They just switch one thing off to produce another. Inventories go down; prices go up.

Refining is like food. The more you do to the raw materials; the more the final product is going to cost.


----------



## elkhartjim (May 30, 2008)

Re: Drilling Rig Count and Location

Gulf Oil...you do remember Gulf?, was the last oil company to build a "grass roots" refinery in the US.  It was a relatively small as for as BPD built in the early 70's in Aliance, La., just south of New Orleans.  Humble Oil, now Exxon expanded refining capacity at its Benicia refinery in the mid 70's... not much has been done since.  Oh except some of the small independents closed due to government regs.  Its ok though,  bro Al has us making fuel from grain and pretty soon bread will cost more than gas.  My 2 cents on this subject.  The Texas constitution allows us to succeed from the union...now there's a thought.  We could join OPEC and wear bed sheets.  I better shut up..............


----------



## TexasClodhopper (Jul 16, 2008)

Re: Drilling Rig Count and Location



Here's the rig count map as of July 15, 2008.     

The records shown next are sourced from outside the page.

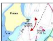
R2: Ost fyren Flaten.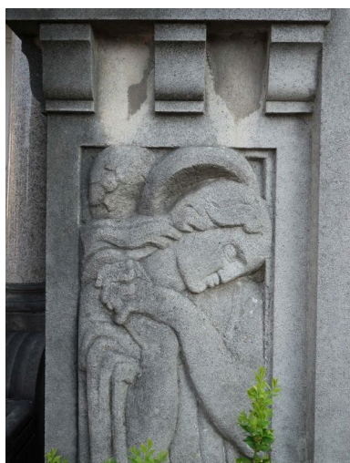
Détail du décor sculpté.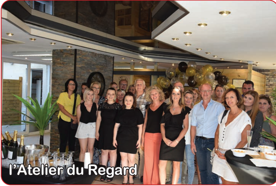
l'Atelier du Regard

Le Beauty Spa s'est agrandi pour ouvrir, au 125 rue Nationale, l'Atelier du Regard.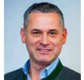
Dir. Christian List Geschäftsführer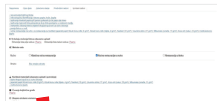
Primjer upisa podataka o izvršenim konzervatorsko-restauratorskim radovima

NACIONALNA I SVEUČILIŠNA KNJIŽNICA U ZAGREBU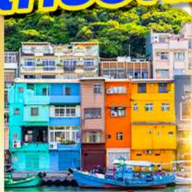
หมู่บ้านประมงเจินปิง

พักชิเหมินตง 2 คืน เที่ยวเต็ม!! ไม่มีวันอิสระ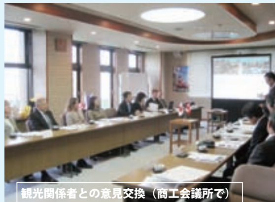
観光関係者との意見交換（商工会議所で）

盛岡市の姉妹都市であるカナダ・ビクトリア市の市長夫妻をはじめとする親善訪問団8人が10月16日（木）から20日（月）まで盛岡を訪れました。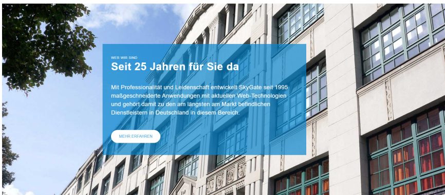
SkyGate steht für langjährige Erfahrung in der Anwendungsentwicklung.

Projektron BCS erfüllte alle unsere Erwartungen. Wir beziehen unsere Kunden mit einem Kun-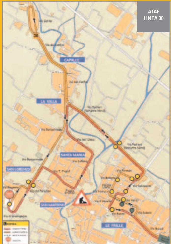
ATAF LINEA 30

Sul percorso sono state istituite 12 nuove fermate e il prolungamento della linea 30 collegherà anche la zona di via Barberinese dove farà capolinea. Sarà eliminata la navetta prevista per il sabato e per i giorni di chiusura del centro storico perché quando parte di via Buozzi o via Vittorio Veneto sono chiuse l'autobus in direzione di Firenze proveniente da via Saliscendi transiterà da via Verdi e via Rossini per rimettersi su via Buozzi.

You'll notice (if you look very carefully) that there is slightly more 'oil' drilling activity. However, you don't see much increase in the Colorado shell country or on the east and west coasts or near Florida.


----------



## H2H1 (Jul 16, 2008)

Re: Drilling Rig Count and Location

Thanks Tex, keep us abreast on what going on with the drilling. This info is very interesting.


----------